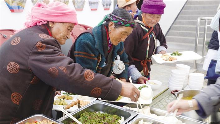 首批入住的農(nóng)牧民正在打飯。圖由董治剛提供
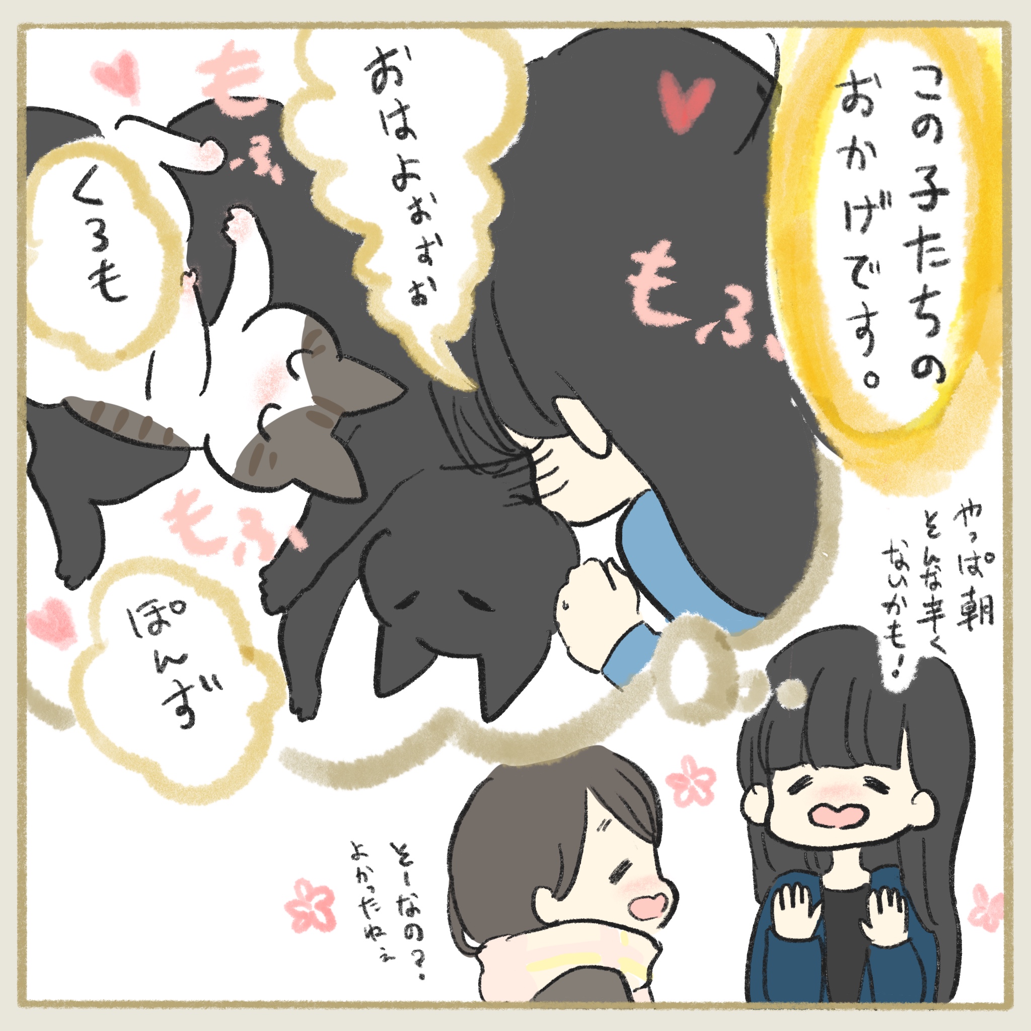 にゃんずが家に来てからというもの、少しずつ起きることが辛く無くなっていった気がします。
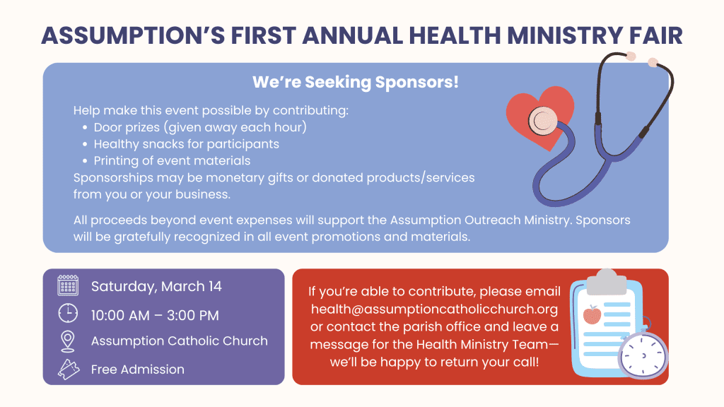 We’re excited to announce Assumption’s First Annual Health Ministry Fair on Saturday, March 14, from 10:00 AM – 3:00 PM! Admission is free, and the event will be supported entirely through generous donations.

## [Instructions to follow]
Reproduce the material exactly; omit the pictures.

## [Exercise response]
 首批入住的農(nóng)牧民正在打飯。圖由董治剛提供
 にゃんずが家に来てからというもの、少しずつ起きることが辛く無くなっていった気がします。
 We’re excited to announce Assumption’s First Annual Health Ministry Fair on Saturday, March 14, from 10:00 AM – 3:00 PM! Admission is free, and the event will be supported entirely through generous donations.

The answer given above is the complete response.